Joe spotted Esteban running for the hangar, and took a minute to check inside the plane. All three members of the crew were dead. Assassinated by Esteban’s bullets. As he ran through the cabin, he stumbled on two large crates and his heart stopped beating for a second. The crates were marked as full of ammunition. Esteban had obviously thought to kill two birds with one stone when he’d hijacked their plane in Cusco. He’d planned to use it to get Patricia and the treasure, and to transport his illegal weapons one step closer to Lima.

Now, those weapons were sitting in a plane that was resting on a burning car. And there was nothing Joe could do about it. The crates were too big, and the priority was protecting the team.

Protecting Julia.

With one last glance at the crew members who’d been brutally slaughtered for doing their jobs, he ran down the stairs and headed for the hangar.

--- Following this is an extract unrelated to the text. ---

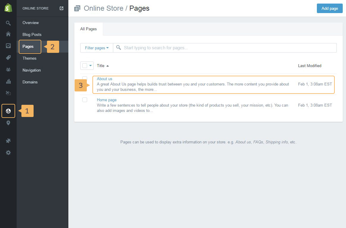 Shopify creates 'About us' page by default. To change this page, please, go through the following steps:

A burst of gunfire came at him from the left, almost hitting his head before he threw himself to the tarmac and fired. Three bullets. He’d hit the guy’s arm. His attacker retreated, but the damage to the plane was already done. There was fuel leaking from the tank. And it was heading straight for the fire beneath it.

It was past time to end this thing.

Joe ran for the hangar, hugging the wall at the side of the gaping doors, all too aware of the heat at his back telling him time was running out fast. Esteban wasn’t even trying to hide; he was over at the door on the opposite side of the building from the entrance the planes would use, and was shouting at his last remaining men.

“Get the woman,” he told them. “Stop fighting the men and get the woman.”

It was too late. Esteban had lost. He just didn’t know it yet.